Subjects placed into POAG study groups had glaucomatous optic nerve head changes related to a visual field defect that satisfied at least two Anderson and Patella criteria with open angle structure. These patients had undergone at least three visual field tests, demonstrating a visual field defect in at least three tests. Glaucoma patients were classified as either early or moderate-to-severe according to the Hodapp-Parrish-Anderson criteria.13 Inclusion criteria regarding age and vision and exclusion criteria regarding refractive error, cataract status, medical history, and OCT quality score were identical to those used for the control group. In addition, other types of glaucoma were also excluded. For glaucomatous subjects, the eye with a more severe glaucoma status was chosen as the study eye. If subjects had a similar glaucoma severity in both eyes, the study eye was randomly selected. For subjects with normal eyes, the study eye was also randomly selected.
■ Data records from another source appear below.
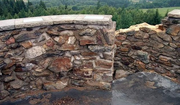 Na kamenném zábradlí rozhledny Krásenského vrchu jsou informační tabulky s okolními kopci.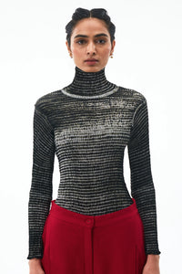 A sculptural take on a skivi achieved through hand crafted shibori, this high neck top features fluid texture that contours your form. Crafted in Silk and dyed in shades of black and white, it adds depth to your look making it an easy to style staple.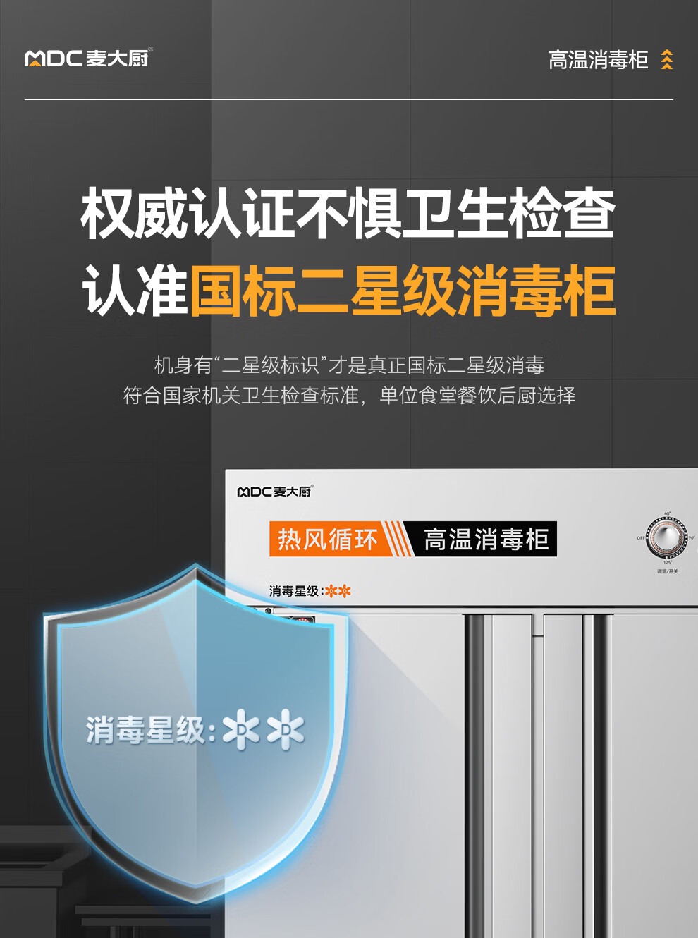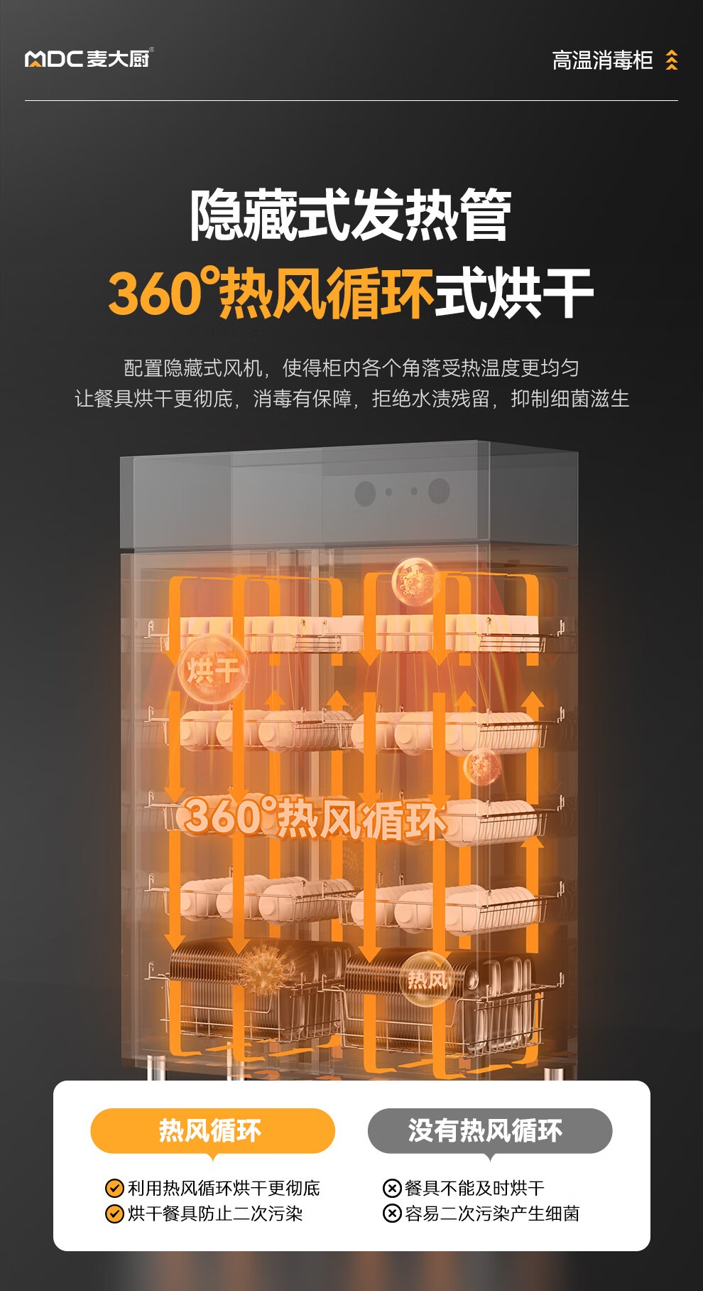 麦大厨经典旋钮款双门单控5层热风循环高温消毒柜1550W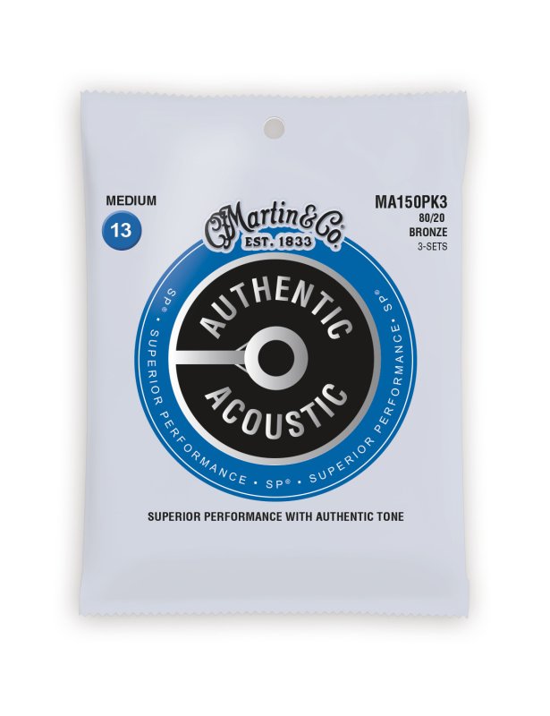 Martin MA150 Authentic Acoustic SP 80/20 Bronze Medium Guitar Strings. 13-56 (3 Pack)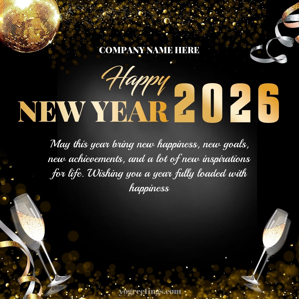 If you are confused about writing a new year message for your business partner, check out the maker of luxurious 2026 New Year greeting cards with company name and wishes, company information. Wish your customers this new year 2026, connect with your partner on the new year to show professionalism in how to maintain relationships with customers. Free professional new year 2026 greeting card maker.

Thickness measurements using optical coherence tomography
For Cirrus HD-OCT scans, the optic disc cube 200×200 and macular cube scan 512 A-scans×128 B-scans protocols were used to measure PP-RNFL, macular, and GC-IPL thickness. To measure PP-RNFL thickness from Cirrus HD-OCT scans, a scan circle of 3.46 mm in diameter was used. The 3D optic disc and wide scan protocols were used to measure PP-RNFL, macular, and GC-IPL thickness using DRI-OCT. The 3D optic disc scan is comprised of 512 A-scans×256 B-scans covering a 6×6 mm square area centered on the optic disc. Data along a scan circle of 3.4 mm in diameter was used to evaluate PP-RNFL thickness. The 3D wide scan images a 12×9 mm rectangular area centered between the optic disc and the fovea. The final scan is composed of 512 A-scans×256 B-scans. This wide scan was used to evaluate macular and GC-IPL thickness.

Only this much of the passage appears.